Final question, will the use of the Tivo Premiere with Comcast be as seemless as it is with our Directivo in the living room now? What problems could we face?

Sorry for all of the questions but I just want to make sure purchasing the Premiere is the way to go for us.

Thanks in advance!

ValpoMan


----------



## aaronwt (Jan 31, 2002)

You would need a Comcast STB for VOD.
And you would need a VCR to tape a show from the Comcast box.

The TiVo doesn't have any inputs to digitally encode the output of another box.

Plus the TiVo can't tape anything


----------



## MichaelK (Jan 10, 2002)

it's as seamless as a directivo.

the big difference as aaronwt explained is no comcast vod. INstead you will have options from netflix (pay ~9 bucks a month forunlimited streaming of an older subset of movies and newer TV) or blockbuster and amazon (both ppv).

there's a possibility that some day comcast and tivo might work out comcast vod on the box but dont hold your breath on it.


----------



## SNJpage1 (May 25, 2006)

What would happen if you connected the tivo annt in to the comcast annt out and set the tivo for channel three? would it think the signal coming from the comcast box is OTA?


----------



## pdonoghu (Mar 6, 2003)

SNJpage1 said:


> What would happen if you connected the tivo annt in to the comcast annt out and set the tivo for channel three? would it think the signal coming from the comcast box is OTA?


Nothing. The Tivo Premier is looking for a digital ATSC sginal on the antenna in. The cable box transmits an analog NTSC channel 3 or 4 signal on the RF out. Not to mention it would be an SD quality picture, but it won't work.


----------



## ValpoMan (Feb 22, 2002)

Thanks for the replies...

So I could have a Tivo Premiere AND a comcast box on the same tv? I understand I won't beable to record on demand.

ValpoMan


----------



## pdonoghu (Mar 6, 2003)

ValpoMan said:


> Thanks for the replies...
> 
> So I could have a Tivo Premiere AND a comcast box on the same tv? I understand I won't beable to record on demand.
> 
> ValpoMan


Yes. But how much is a Comcast box going to cost you per month? You might be better off with a Netflix sub, or just rent movies on demand from Amazon and or Blockbuster.


----------



## CharlesH (Aug 29, 2002)

ValpoMan said:


> I understand I won't be able to record on demand.


Why would one want to record on-demand? Why not just just "demand" it again?


----------



## MichaelK (Jan 10, 2002)

CharlesH said:


> Why would one want to record on-demand? Why not just just "demand" it again?


I'd guess because it changes all the time- what's on "on-demand" might not be "on-demand" tomorrow.
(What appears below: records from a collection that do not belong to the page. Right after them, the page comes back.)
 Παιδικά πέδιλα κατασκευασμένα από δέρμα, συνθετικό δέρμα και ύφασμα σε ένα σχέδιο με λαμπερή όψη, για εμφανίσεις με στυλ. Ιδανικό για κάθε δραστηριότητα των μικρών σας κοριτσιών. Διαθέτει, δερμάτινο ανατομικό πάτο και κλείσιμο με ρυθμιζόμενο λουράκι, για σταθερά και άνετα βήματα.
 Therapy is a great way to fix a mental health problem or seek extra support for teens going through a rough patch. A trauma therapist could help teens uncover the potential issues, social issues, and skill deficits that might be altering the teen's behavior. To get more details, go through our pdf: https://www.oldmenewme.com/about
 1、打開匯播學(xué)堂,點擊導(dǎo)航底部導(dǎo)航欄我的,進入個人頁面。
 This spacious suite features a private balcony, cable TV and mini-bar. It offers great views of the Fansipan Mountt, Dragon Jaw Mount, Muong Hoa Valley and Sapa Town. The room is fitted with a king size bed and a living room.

But in general it would be impossible to ever record a digital copy of on-demand. You would have to go analog by a vcr or some other method to take in analog output from a digital cable box.


----------



## WhiskeyTango (Sep 20, 2006)

You could use a S2 to record On Demand shows, there is a bit of a trick to it though.


----------



## Bvadel (Dec 22, 2001)

so sorry for the naive question but if I was going to:
- buy a PREMIERE,
- utilize Comcast and wanted to record Howard TV/Howard Stern (which i believe is on demand)
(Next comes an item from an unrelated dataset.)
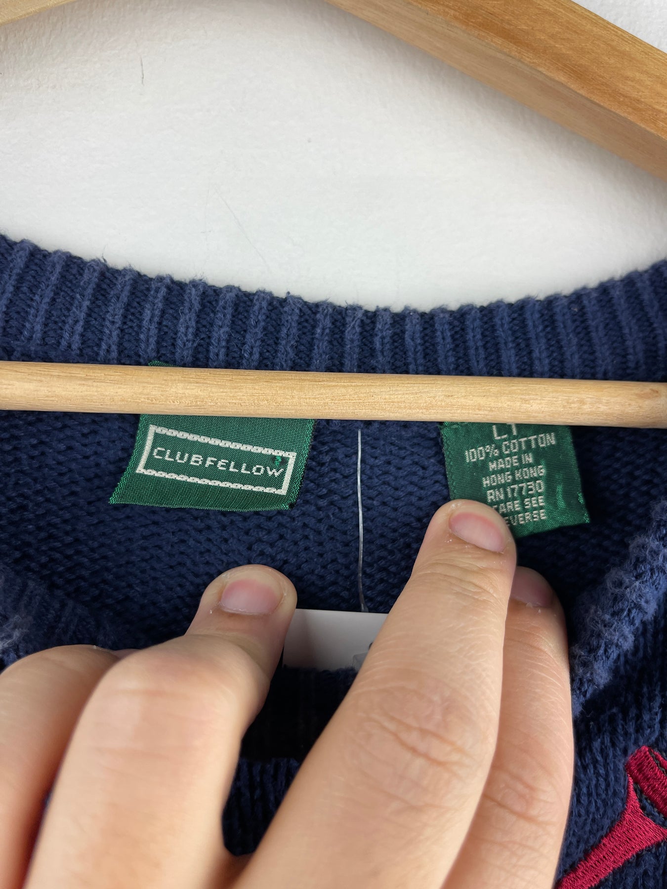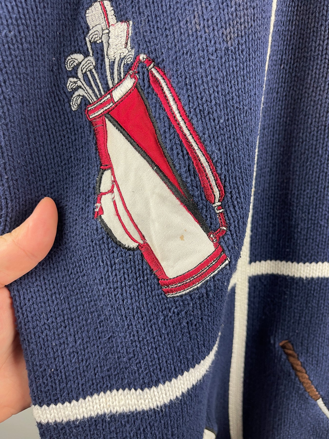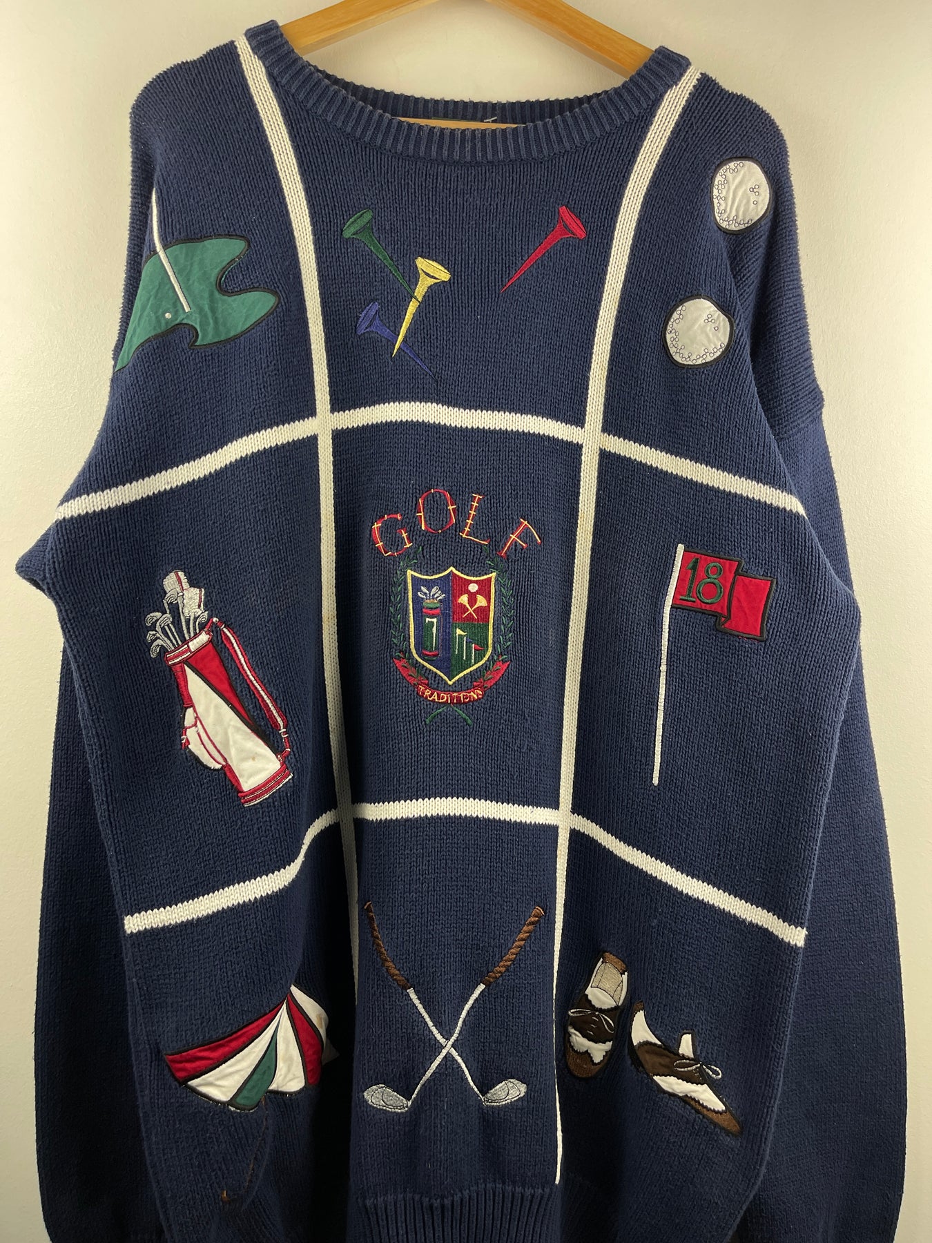 Vintage 90s Golf Traditions Embroidered Navy Knit Sweater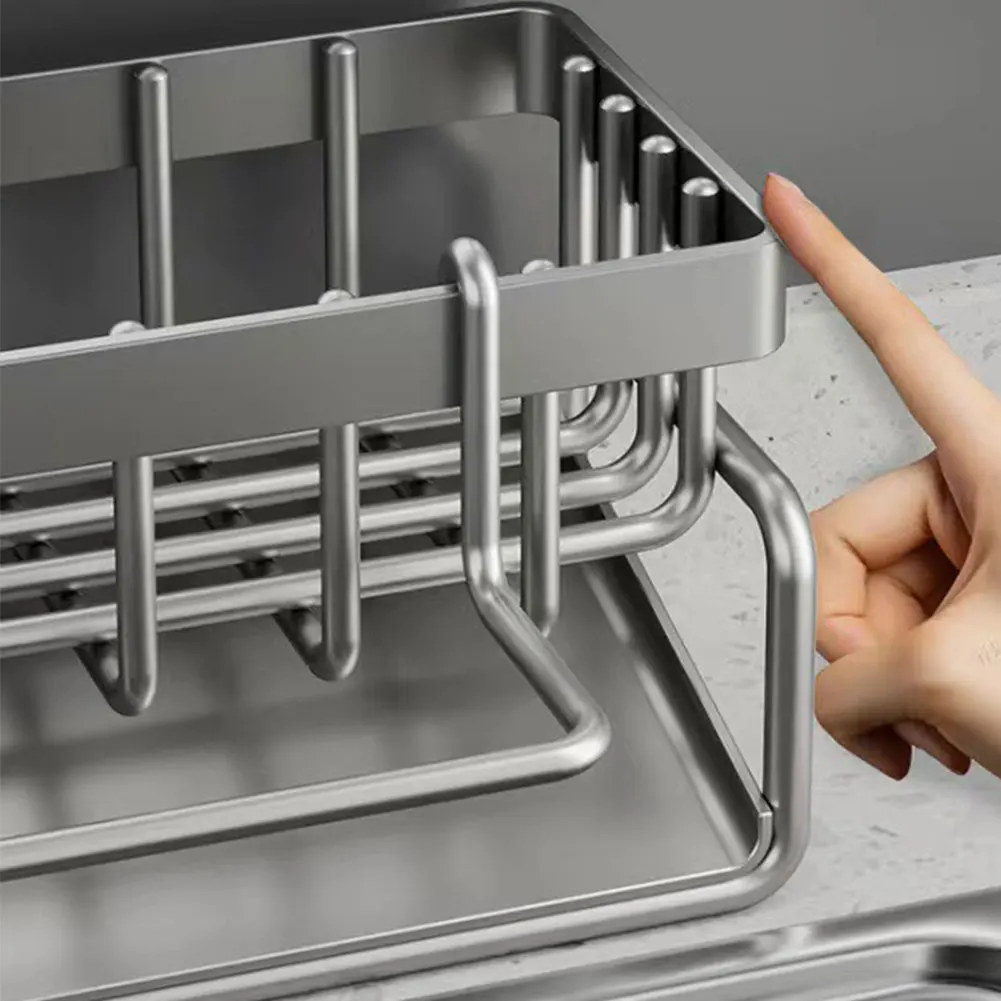 5. Smooth Welding: Designed with a smooth welding structure, this soap drainer towel organizer is scratch-resistant, ensuring easy and safe storage of your cleaning utensils without any damage.

I wouldn't be able to? My plan was to just switch to comcast and ask them for multistream card (no box) but it sounds like I wouldn't have the ability to either watch or record this type of programming unless I also got a Comcast box. 

Please confirm.


----------



## nrc (Nov 17, 1999)

Bvadel said:


> so sorry for the naive question but if I was going to:
> - buy a PREMIERE,
> - utilize Comcast and wanted to record Howard TV/Howard Stern (which i believe is on demand)
> 
> ...


Unfortunately TiVo cannot receive or record Comcast OnDemand. Cable company "On-demand" services use two-way communications with the cable system which TiVo has no way to provide. Even if you have a Comcast box the TiVo Permiere cannot record from it. The TiVo Premiere can only record directly from the cable or antenna source.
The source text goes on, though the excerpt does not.